On the seat beside Kasper, Franz Fieber sniffled. It is important, even while making large arm movements, to remember to show consideration for what is close at hand. Bach also did that. In the midst of constructing his cosmic tonal cathedral he had shown concern for each individual brick. A preoccupation with always making everything sound good. Gentleness with Maria Barbara, with Anna Magdalena, with the children, one could hear that. Kasper laid a reassuring hand on the young man's shoulder.
"In a few minutes," he said, "both children will be sitting between us.

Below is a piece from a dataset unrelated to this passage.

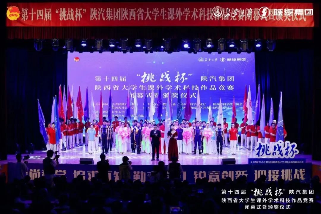 5月20日下午,由团省委、省委教育工委、省科技厅、省科协、省社会科学院、省学联、西咸新区管委会共同主办,米兰milan官方网站承办的第十四届“挑战杯”陕汽集团陕西省大学生课外学术科技作品竞赛闭幕式暨颁奖仪式在米兰milan官方网站举行。团省委书记徐永胜,米兰milan官方网站党委书记陈志坚,省教育厅二级巡视员高巍,省科协党组成员、副主席吕建军,省社会科学院党组成员、副院长王建康,团省委副书记刘洋,米兰milan官方网站党委副书记黎开谊,陕汽控股副总经理刘科强,西咸新区科技创新和新经济局党组书记、局长王斌等领导及省学联主席柳劲京出席闭幕式。各相关高校领导、团委负责人、参赛学生代表等共计千余人参加闭幕式。

He stroked the trembling muscles; his hand left a sticky trail of blood. They passed Roskilde Road, Glostrup, the first fields. Kasper pointed; the van turned left down a dirt road just before the go-cart track. The road became steep, and then stopped. They parked on an artificial embankment across from the water purification plant. Below the plant lay the courtyard and stables, utterly quiet, with only a single floodlight on.
"You can't go down there. They're waiting for you."

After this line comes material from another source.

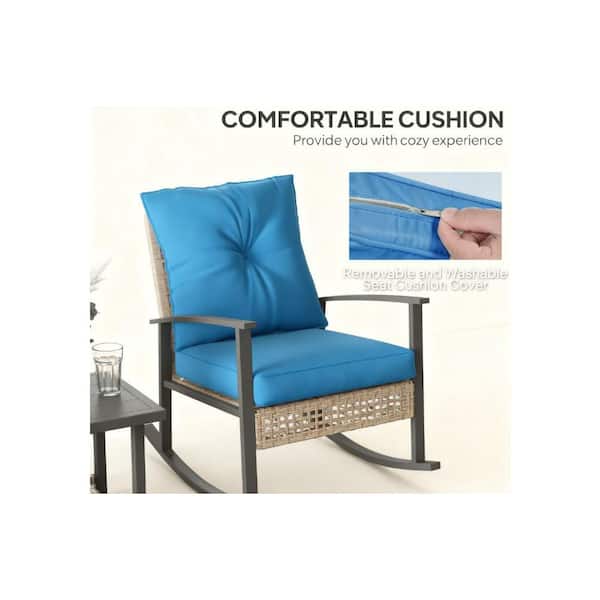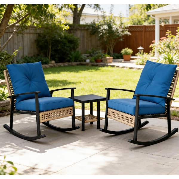 3-Piece Metal Patio Conversation Set with Blue Button Tufted Cushions, Rattan Rocking Chairs, Coffee Table

Kasper crawled out of the van.
"I'm flowing with Tao."
"How can you know that?"
The yellow eyes had given up on him.
"I can hear it. It's the sound of a gentle fair wind."
13
Between the field and the road there was a thick hedge of poplars; between the poplars and the yard a vehicle was parked. Kasper got down on all fours.
The car was half a tone too high. Half a tone is not much, but to a person with absolute hearing it is annoying. Throughout the seventies Kasper had wondered about Richter's recording of The Well-Tempered Clavier, it had been half a tone too high. At first Kasper had thought it must be the record, or the master tape; there must have been a faulty transposition. Later, Richter's recording of Prokofiev's sonatas had trickled through the Iron Curtain; they also had been half a tone too high. So Kasper had realized there was a reason behind it.
When a car has contents, people or baggage, the number of natural vibrations rises, or it feels like that. Kasper crawled sideways, and got the car between him and the floodlight; in it sat two men.
The explanation came first in the nineties, after the only long interview with Richter was published. Toward the end of the interview the great pianist said that age, in addition to the other damage it had wrought, had lowered his keynote perception almost half a tone.